Health care is an example of this. Having Canada and the UK, the foreign countries Americans are most familiar with, both have single-payer systems (and the UK also having a monolithic delivery system, and Canada more or less outlawing private health insurance) with zero cost on delivery for most care gives Americans a distorted view of healthcare in other developed countries. There's really no meaningful definition of "universal health care" that excludes the US post-Obamacare while including (say) Germany, Switzerland, and the Netherlands. All three countries are like the US in a) mandating having some form of coverage, and b) having said coverage come from a variety of public and private sources.

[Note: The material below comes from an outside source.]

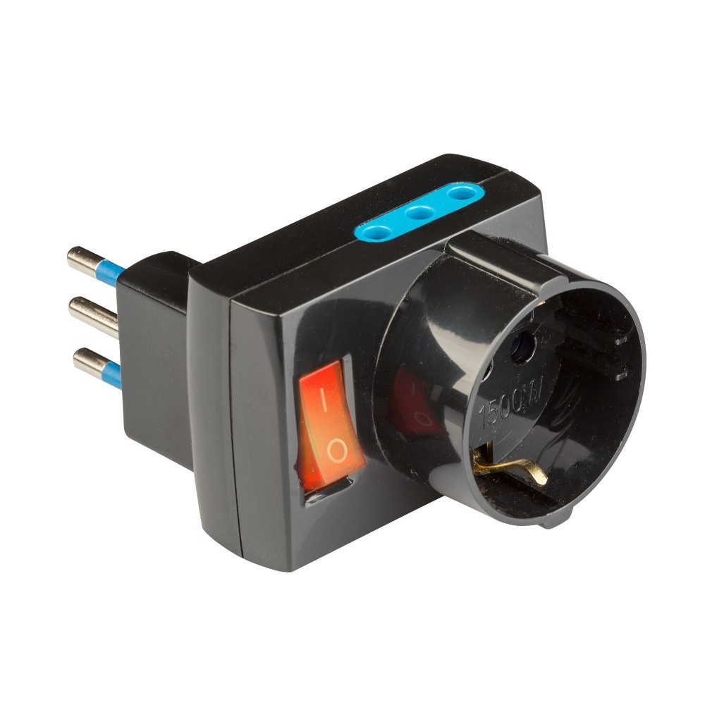 Adattatore con spina 10 A 2P+T, 2 prese 10 A 2P+T, 1 presa 10 – 16 A 2P+T (standard italiano 10 A e tedesco 16 A con terra laterale) 250 V~ e interruttore luminoso. Colore: nero. Le prese fuori asse permettono l’utilizzo di tutti i frutti presenti nella placca. Spegnendo l’interruttore è inoltre possibile risparmiare energia elettrica ed eliminare lo stand-by dei dispositivi elettronici.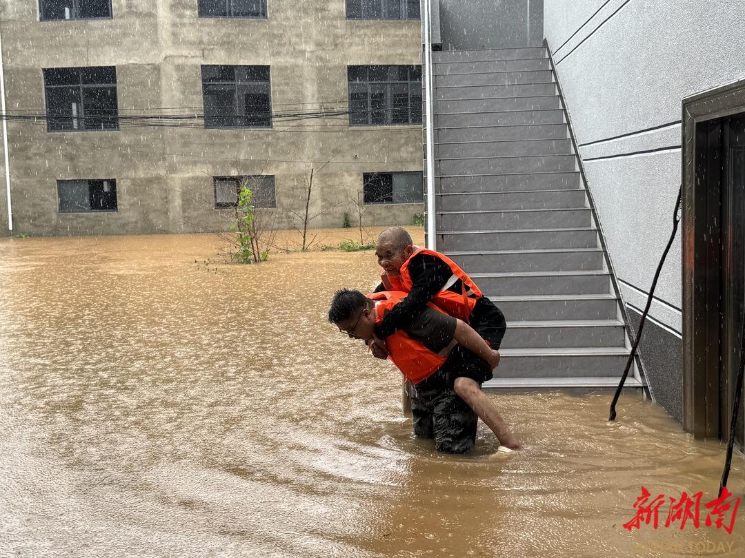 6月22日,通道侗族自治縣,救援人員在轉(zhuǎn)移被困老人。楊夢純 李舒丹 攝影報道(湖南圖片庫)

Or copays and deductibles. In France, the normal reimbursement for care is 70%, much like that of a US high-deductible plan. Paying for ambulance rides in Switzerland is the norm, not the exception. But a comment on Reddit by an American complaining about how he had to pay for being taken to a hospital in an ambulance and how this wouldn't happen anywhere else will get 10,000 upvotes even though such a statement wouldn't necessarily be true outside Canada and the UK. To put another way, the Canada/UK model of single-payer and 100% free on delivery (much less the UK model of monolithic everything else) is, in their own ways, aberrations, with much of the developed world using mixed public/private models with meaningful cost on delivery that would not be unfamiliar to an American.